Em 1936, Graciliano Ramos publica Angústia. A obra é entregue no mesmo momento em que o autor fora preso no contexto da repressão getulista, após a chamada Intentona Comunista. Todo o texto é um fluxo de consciência de Luís da Silva:
“Julgo que ainda não me restabeleci completamente. Das visões que me perseguiam naquelas noites compridas umas sombras permanecem, sombras que se misturam à realidade e me produzem calafrios. Há́ criaturas que não suporto. Os vagabundos, por exemplo. Parece-me que eles cresceram muito e, aproximando-se de mim, não vão gemer peditórios: vão gritar, exigir, tomar-me qualquer coisa. Certos lugares que me davam prazer tornaram-se odiosos. Passo diante de uma livraria, olho com desgosto as vitrinas, tenho a impressão de que se acham ali pessoas, exibindo títulos e preços nos rostos, vendendo-se. É uma espécie de prostituição. Um sujeito chega, atento, encolhendo os ombros ou estirando o beiço, naqueles desconhecidos que se amontoam por detrás do vidro. Outro larga uma opinião à̀ toa. Basbaques escutam, saem. E os autores, resignados, mostram as letras e os algarismos, oferecendo-se como as mulheres da Rua da Lama”.
Um livro inteiro em primeira pessoa apresenta belezas e riscos. Assumimos a subjetividade do narrador como nossa e percebemos tudo com os olhos alheios. Aprendemos cada camada da consciência do narrador, que descobre, descobre-se e revela-nos. Parece-me dotado de um experimentalismo narrativo distinto de São Bernardo. Gostei muito.
Faltava o terceiro da trilogia “in-box”. O estudo de Ivan Marques sobre as obras ajudou de novo. Lá, aprendi que o conto Baleia surgiu em 1937. As outras partes foram surgindo depois e deveriam ter sido reunidas como O Mundo Coberto de Penas. Segundo o depoimento de Rubem Braga, colega na mesma pensão em que estava Graciliano, o texto ia saindo como pequenos contos, por causa das despesas da moradia. Pagar o lugar e comer limitavam o tempo. Não havia espaço para um romance longo. Graciliano precisava do dinheiro e ia entregando as partes. Muito ainda se poderá escrever sobre a influência da falta de dinheiro na gênese de grandes obras de um Graciliano ou de um Orwell, por exemplo. De acordo com a citação de Rubem Braga, no excelente texto de Marques: “Quase tão pobre como Fabiano, o autor fez assim uma nova técnica de romance no Brasil. O romance desmontável”. Em 1938, o livro completo veio ao público.

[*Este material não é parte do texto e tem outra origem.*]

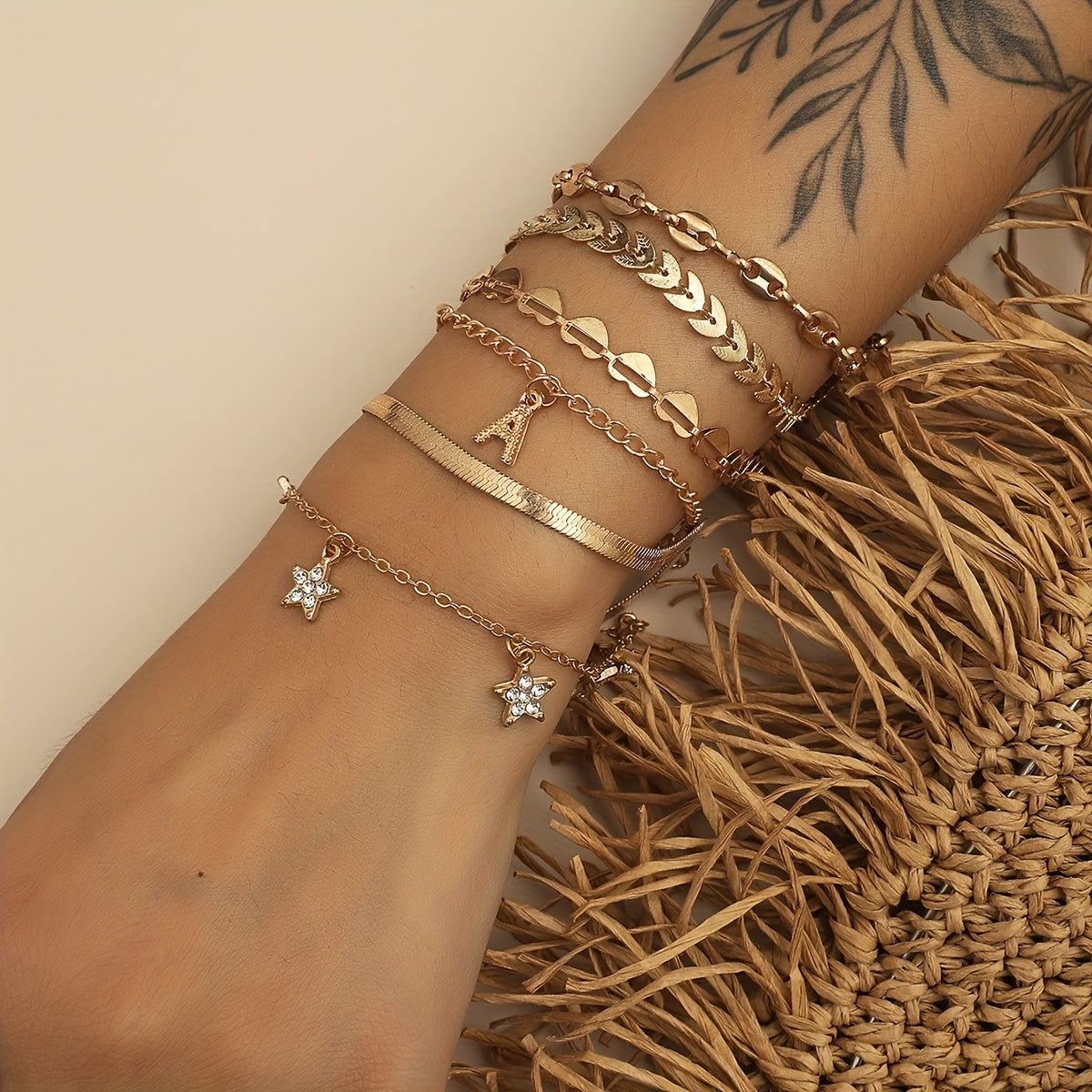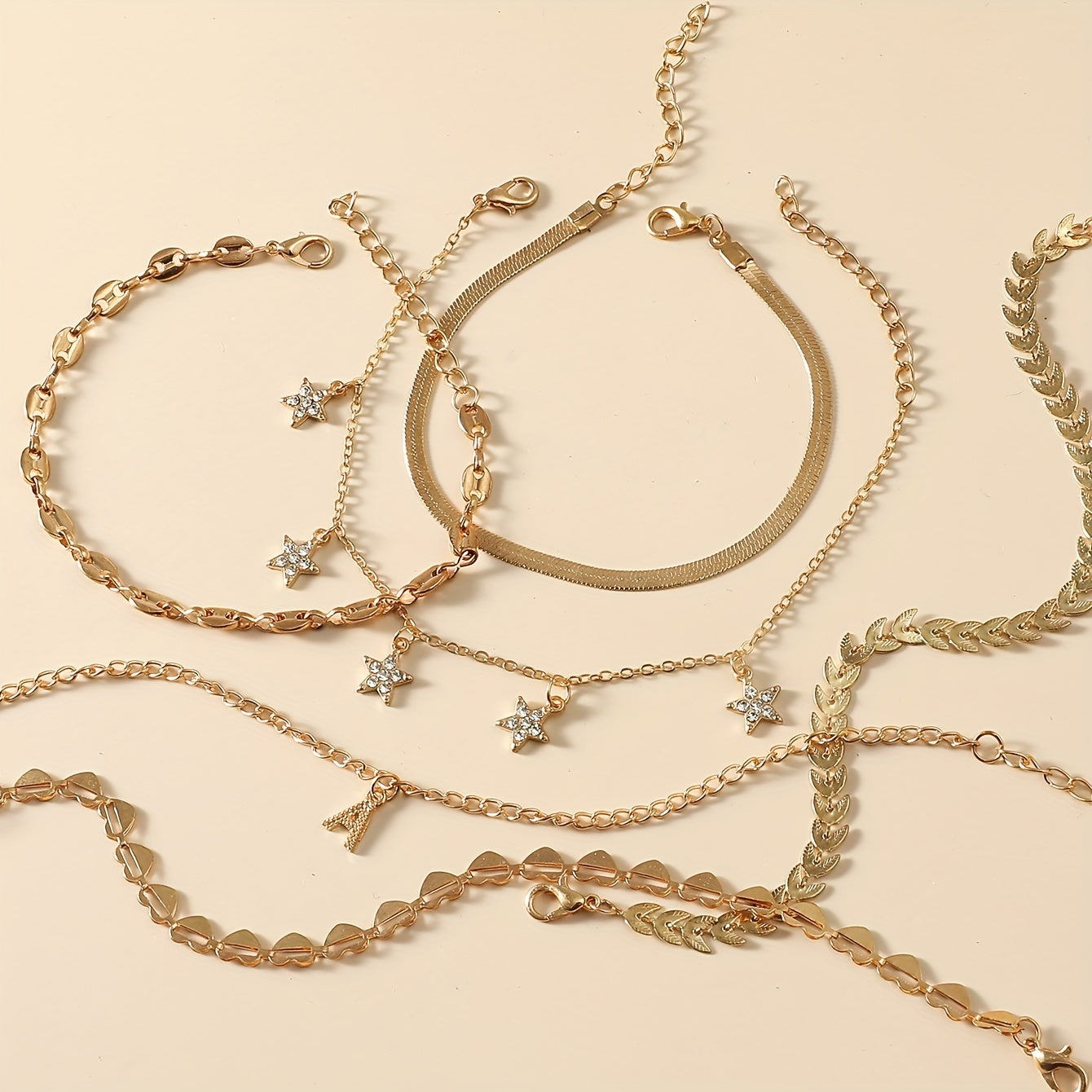 This set of 6 golden star wheat bracelets makes a perfect accessory for the summer. Ideal for gifting to a loved one for the holidays.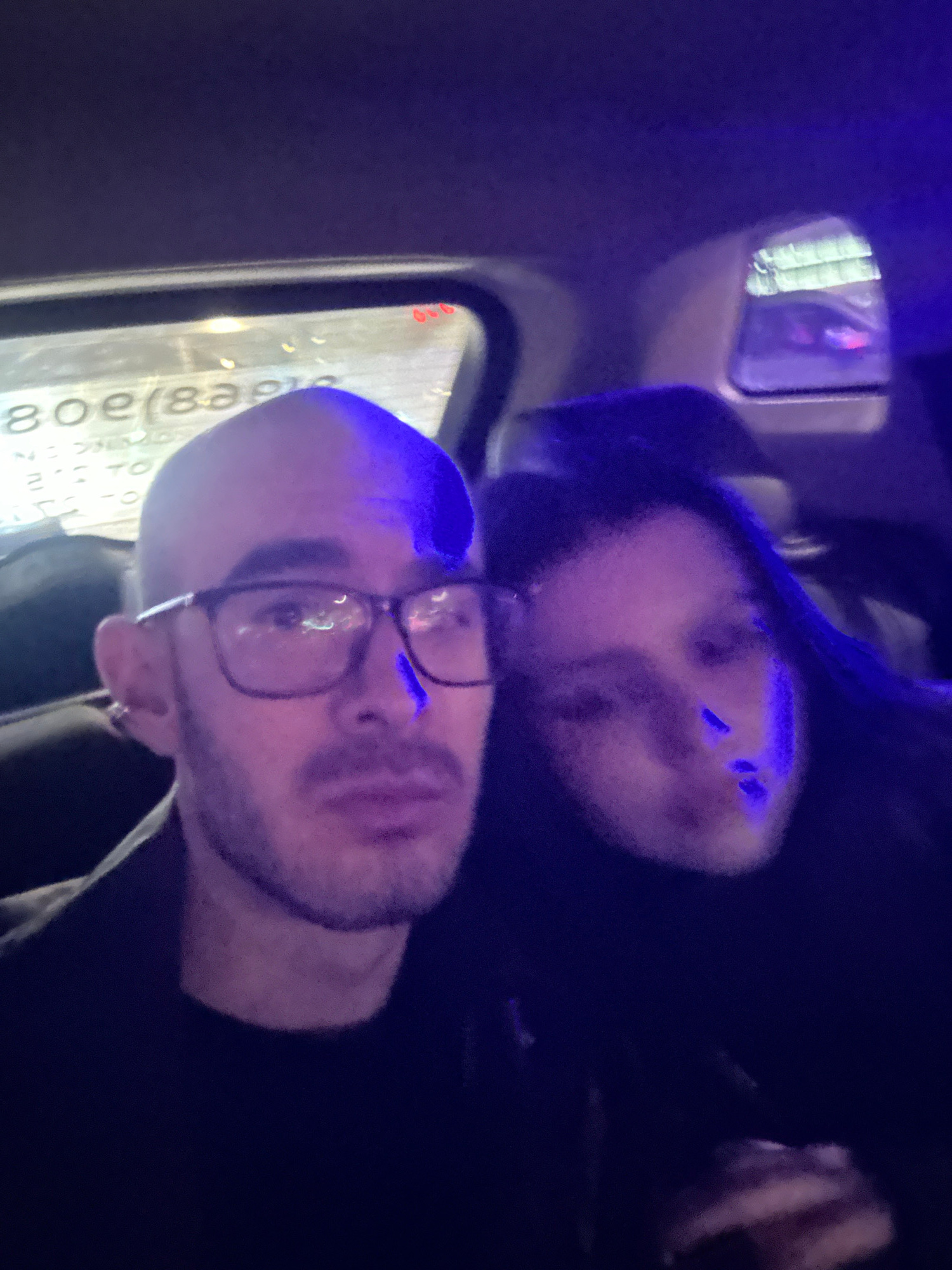 Two people are in a vehicle. One person is wearing glasses, and the other is behind. A side mirror is visible with reflections. A window is also visible with text reading "080(839". The overall lighti…read more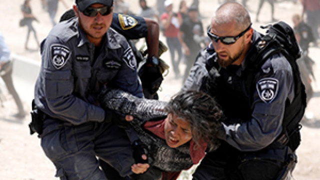 İsrail askerleri, Kudüs'ün doğusunda bulunan Han el-Ahmer'de bedevilere ait ev ve ağılların yıkılmasını protesto eden bir kadının başörtüsünü yırttıktan sonra yerde sürükledi.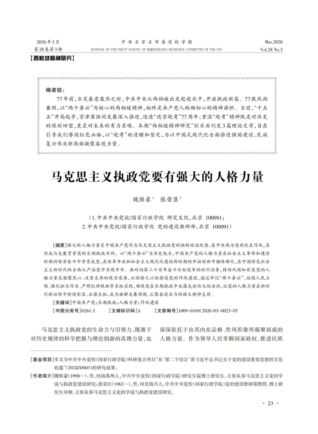 《中共石家庄市委党校学报》2026年(28卷)第2期目录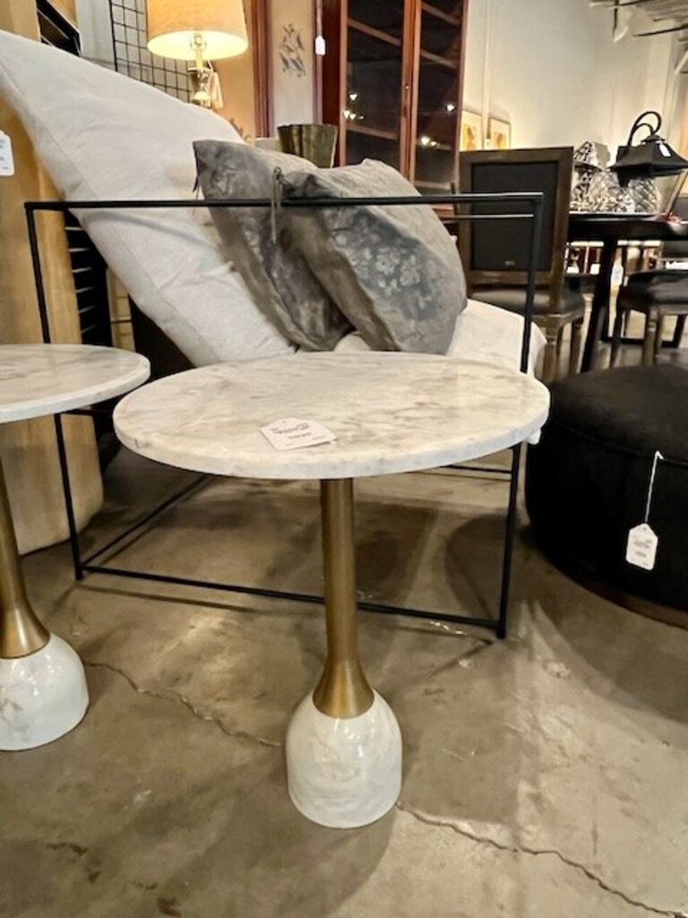 Round Marble And Gold Accent Table 18"Diam x 22"T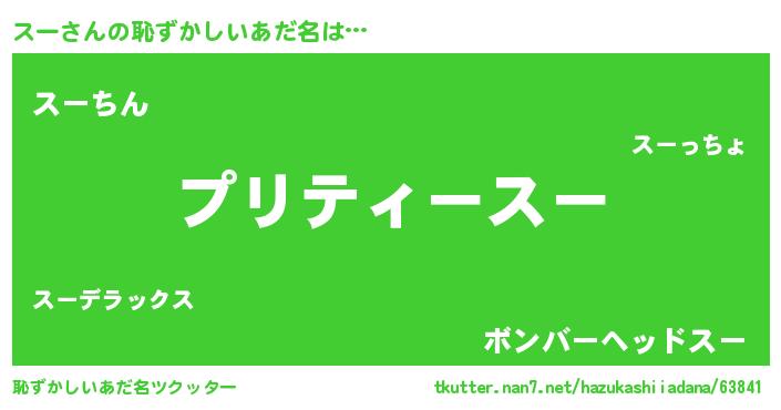 | 男性向けラノベタイトル風あだ名 | 『スーの憂鬱』『はたらくスーさま!』 |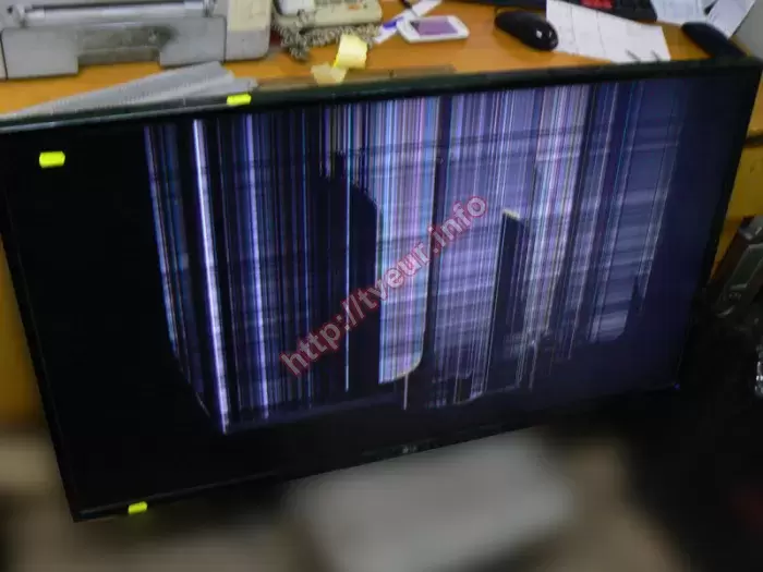 В 43-дюймовом Smart TV LED телевизоре LG 43UH603V, 2016 года сборки, вся матрица покрыта разного рода механическими дефектами. В данном случае возможна исключительно замена матрицы телевизора LG 43 цена на которую будет зависеть от многих факторов, включая ее диагональ, технические характеристики и т.д. Пользователь, который доставил телевизор в сервисную мастерскую объяснил, что неисправность произошла после того, как устройство экраном вниз упало с тумбочки на пол. Когда он его поднял, то увидел, что на матрице вместо изображения множество дефектов, чем то напоминающие «северное сияние». Первоначальный осмотр показал, что с правой стороны на панели образовалась дырочка не больших размеров, при этом от нее в разные стороны разошлись мелкие, тонкие трещины. Несколько длинных трещин прошли через всю матрицу, в некоторых местах контуры трещин светящиеся. При падении больше всего пострадала середина экрана. На нем многочисленные разноцветные полосы, как вертикальные, так и горизонтальные (хорошо видно на фото №1 и 2). Остальная часть матрицы залита черным цветом. Чтобы стал возможным такой сложный ремонт, как замена матрицы телевизора LG 43 цена на него согласована, прежде всего необходимо было заказать и купить новую, подходящую по всем параметрам панель. После ее получения телемастера сняли испорченную панель, а вместо нее установили ту, которую купили. В конце сделали все необходимые настройки. Цена новой матрицы и ее замены заказчика полностью устроила. Ему выдана гарантия.

A linguagem parece ser influenciada pela secura do meio. As frases são diretas, curtas, não muito descritivas. Parece-me a obra mais impactante sobre as agruras da região. À paisagem falta água; à sociedade, empatia. Duros o solo e os corações das autoridades e dos proprietários de terras. Livro curto, direto e tocante. Fico feliz por ter permitido a mim revisitar uma leitura escolar. Alegrou-me perceber coisas de que jamais teria desconfiado na década de 1970. Como a obra me lê igualmente, dialoguei com Graciliano e uma geração de autores que tentavam interpretar o Brasil profundo. Foi uma aventura com mais maturidade. Agora, vou revisitar obras pelas quais flanei na escola. Tenho esperança de, num dia, ficar sábio. Antes, a leitura era para provas. Hoje, posso aprender de outra forma. E você, querida leitora e estimado leitor, reencontraria algum romance enfrentado em bancos escolares? Você é do tipo que “dá uma segunda chance”?